We’re just beginning to understand how the nervous system solves the binding problem. But evidence is accumulating that the brain uses a pattern of neuralsynchrony—different groups of neurons firing in synchrony with each other—toidentify which sensory elements belong with which. Specifically, imagine two groups of neurons in the visual cortex. One group of neurons fires maximally whenever a vertical line is in view. Another group of neurons fires maximally whenever a stimulus is in view moving from left to right. Also imagine that, right now, a vertical line is presented, and it is moving to the right. As a result, both groups of neurons are firing rapidly. But how does the brain encode the fact that these attributes are bound together, different aspects of a single object? How does the brain differentiate between this stimulus and one in which the features being detected actually belong to different objects—perhaps a static vertical and a moving diagonal?
The answer lies in the timing of the firing by these two groups of neurons. We emphasized the firing rates of various neurons—whether a neuron was firing at, say, 100 spikes per second or 10. But we also need to consider exactly when a neuron is firing, and whether, in particular, it is firing at the same moment as other neurons.
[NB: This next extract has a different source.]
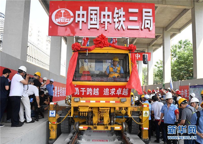 12日上午,京張高鐵最后一根鋼軌在中鐵三局WZ-500型無(wú)砟軌道鋪軌機(jī)牽引下準(zhǔn)確落在清華園隧道的枕木上,精調(diào)之后,軌距誤差在正負(fù)1毫米之內(nèi)。被譽(yù)為中國(guó)鐵路發(fā)展“集大成者”、智能高鐵示范工程的京張高鐵實(shí)現(xiàn)全線軌道貫通。
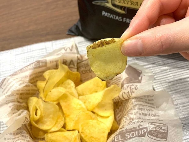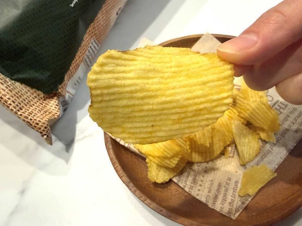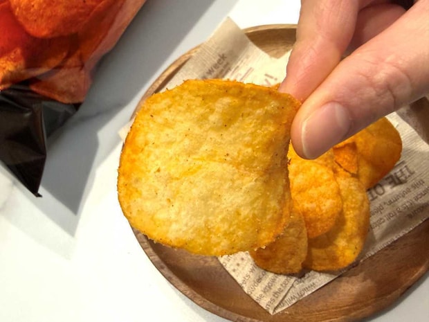 しっかりとしたサイズ感のあるチップスですが、実際に食べてみると見た目からは想像できないほど軽やかな食感です。野菜ブイヨンのような風味の後に、じゃがいもの甘味がじわりと追いかけてきます。

When the neurons are synchronized, this seems to be the nervous system’s indication that the messages from the synchronized neurons are in fact bound together. To return to our example, if the neurons detecting a vertical line are firing in synchrony with the neurons signaling movement—like a group of drummers all keep-ing the same beat—then these attributes, vertical and moving, are registered as belong-ing to the same object. If the neurons are not firing in synchrony, the features are registered as belonging to separate objects (Buzsáki & Draguhn, 2004; Csibra, Davis, Spratling, & Johnson, 2000; M. Elliott & Müller, 2000; Fries, Reynolds, Rorie, & Desimone, 2001; Gregoriou, Gotts, Zhou, & Desimone, 2009).